Bu arada, son iki haftada aramıza katılan 52 okurumuza hoşgeldiniz diyoruz!
Bayram haftası Çin’de yapılan Dünya İnternet Konferansı’nın yapay zekâ ile ilgili özel oturumuna katıldım. Konfüçyüs’ün doğum yeri olan Nishan’da yapılan toplantıda farklı medeniyetlerin yapay zekâya bakış açılarını tartıştık. Bu haftaki içeriklerin çoğu bu toplantıdaki izlenimlerimden yola çıkarak hazırlandı.
Yerli ve milli ChatGPT nasıl yapılır?
🖊 Global İşler Köşesi
ChatGPT giderek dünyadaki jeopolitik denklemin unsurlarından biri haline geliyor. “Yahu biz yapay zekâyı eğlenmek için oyun olarak kullanıyorduk” veya “Yapay zekânın verimliliğimizi nasıl artıracağını daha yeni keşfetmeye başlamıştık” demeyin. Neredeyse gelişmiş ülkelerin her biri kendine ait bir ChatGPT geliştirme peşinde.
Bu ülkelerden biri de Fransa. Mistral.AI adlı girişim bu amaçla geçtiğimiz ay yola çıktı.
Daha önceki bültenlerimizde de tartıştığımız gibi uluslararası arenada yapay zekâ alanında devam eden siyasi rekabet, büyük dil modelleri geliştirme ile sınırlı değil.
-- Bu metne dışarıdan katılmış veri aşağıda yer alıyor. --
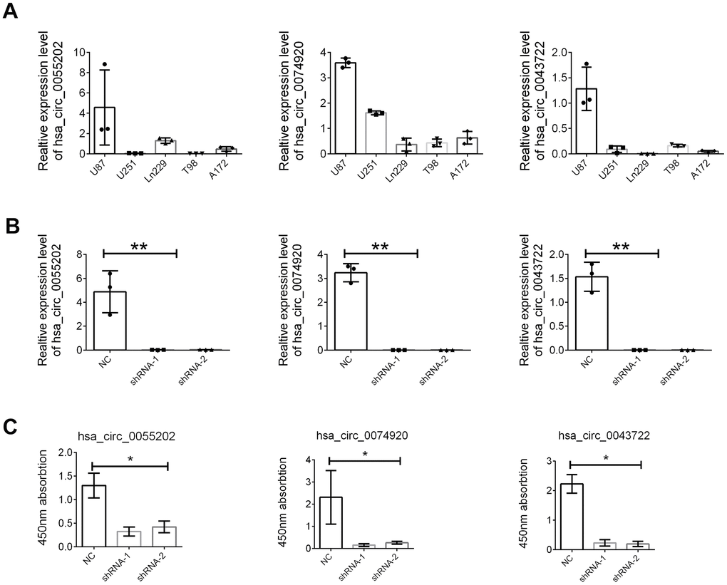 The detailed function of the three circRNA including circ_0055202, circ_0074920 and circ_0043722 were further investigated. Firstly, as presented in Figure 5A, the expression abundance of the there circRNA were examined in GBM cells including U87, U251, Ln229, T98, and A172. Based on this, we chose the U87 cells for further function assay with a relatively high abundance level. We knocked down the three circRNAs through the shRNA technology and confirmed the suppression of the three circRNA in U87 (Figure 5B). The CCK8 assay and transwell assay was employed. We found that either suppression of circ_0055202, circ_0074920 or circ_0043722 could reduce the proliferation of GBM cells (Figure 5C); however, no significance was found in cell invasion (Supplementary Figure 1).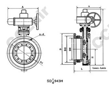 二、SD943H/F/X-6/10/16系列電動伸縮蝶閥連接尺寸: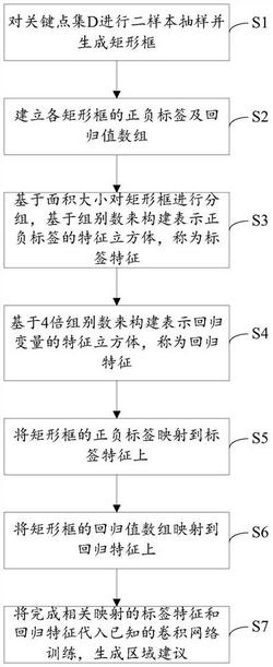 8.如权利要求6所述基于关键点的区域建议生成方法,其特征在于,回归值数组到回归特征的映射方法具体如下:针对矩形框aij,(1)若矩形框面积s(aij)大于16,将图像的最大面积Smax除以矩形框面积S(aij),若Smax/S(aij)的比值落在[2k,2k+1)的区间内,则将矩形框aij的正标签或负标签映射到特征的第k个通道上的[ctij/shrank]坐标点处,其中k=0,1,2,…,c-2;(2)若矩形框面积S(aij)小于等于16,则将矩形框aij的正标签或负标签映射到特征的第c-1个通道上的[ctij/shrank]坐标点处,其中,ctij为矩形框aij中心点坐标。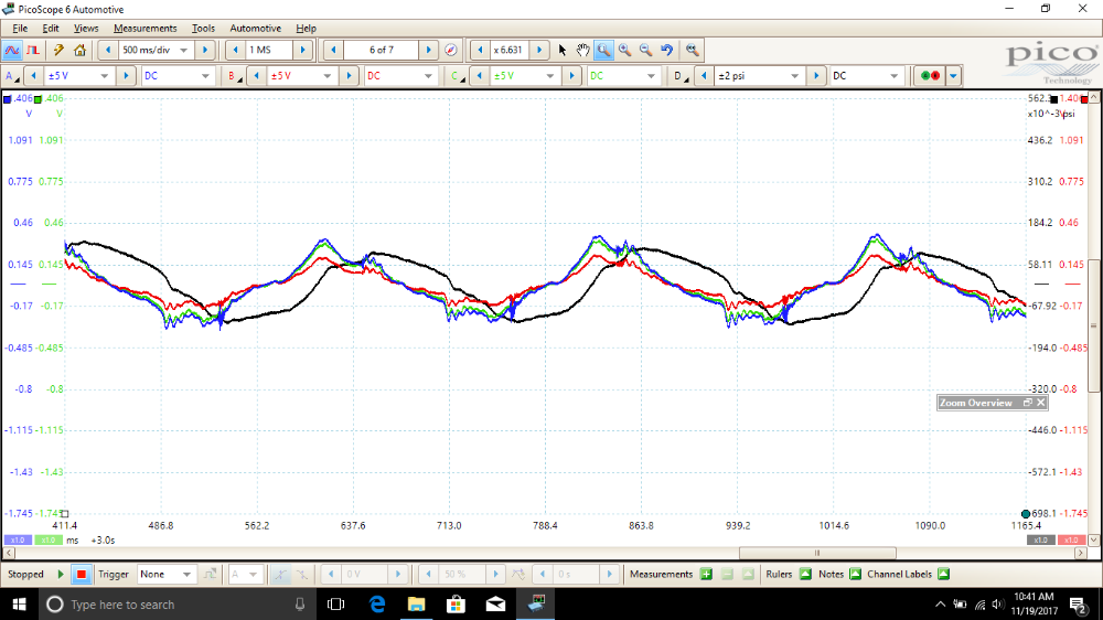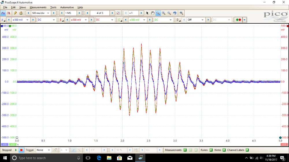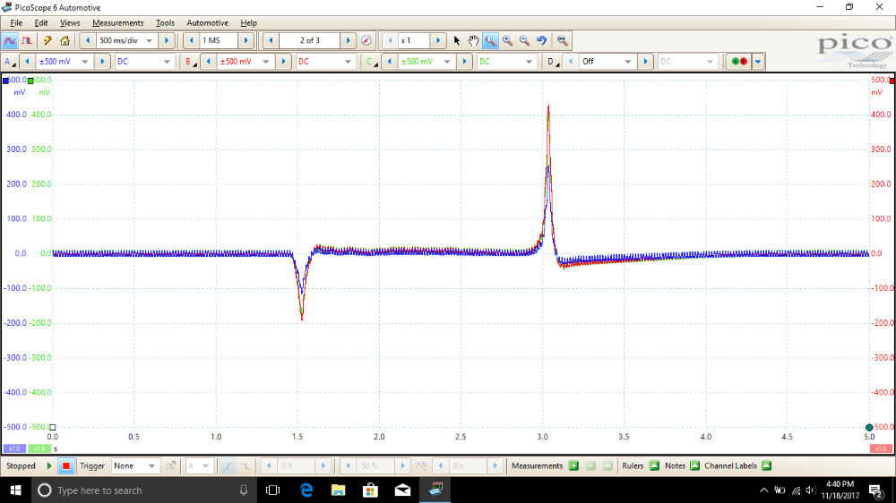 Sorry for the lack of info. :blush: It's intake vacuum pressure pulses during cranking, using the piezo disc inside the plumbing fittings. The scope trace can definitely be inverted depending on personal preference. I've just come to think of vacuum pulses as 'good', and lack of pulses or pressure as bad. As far as these waveforms go, anyway.

Meselenin bir diğer boyutu da yapay zekâ teknolojisinin regülasyonu ile ilgili. Şu sıralar AB’nin başını çektiği risk temelli yaklaşımdan başka Çin Komünist Partisi’nin kültürel hassasiyetlere uygun yapay zekâ geliştirilmesi konusunda ortaya koyduğu çerçeve iki somut adımı temsil ediyor. Bu iki ülkeden başka ABD, çok da acele etmeyen, daha liberal bir tutum izliyor. Ülkede devam eden tartışmalarda yapay zekâ şirketlerinin önde gelen isimleri regülasyonlara sıcak bakıyor. Fakat diğer başka aktörler de sektörün hukuki düzenlemelerle bir kalıba sokulmaya çalışılmasıyla ABD’nin küresel rekabette sahip olduğu avantajı Çin gibi rakiplere kaptırmaktan endişe duyuyor.
Peki, büyük resimde Türkiye nerede durmalı? Bana göre Türkiye’nin de küresel trendlerin gerisine düşmemek için yapması gereken ilk iş kendi büyük dil modelini küresel rekabete uygun bir şekilde geliştirmek. Aksi takdirde yapay zekâda yerelleşme ve regüle etme süreçlerinde edilgen durumda kalmamız kaçınılmaz.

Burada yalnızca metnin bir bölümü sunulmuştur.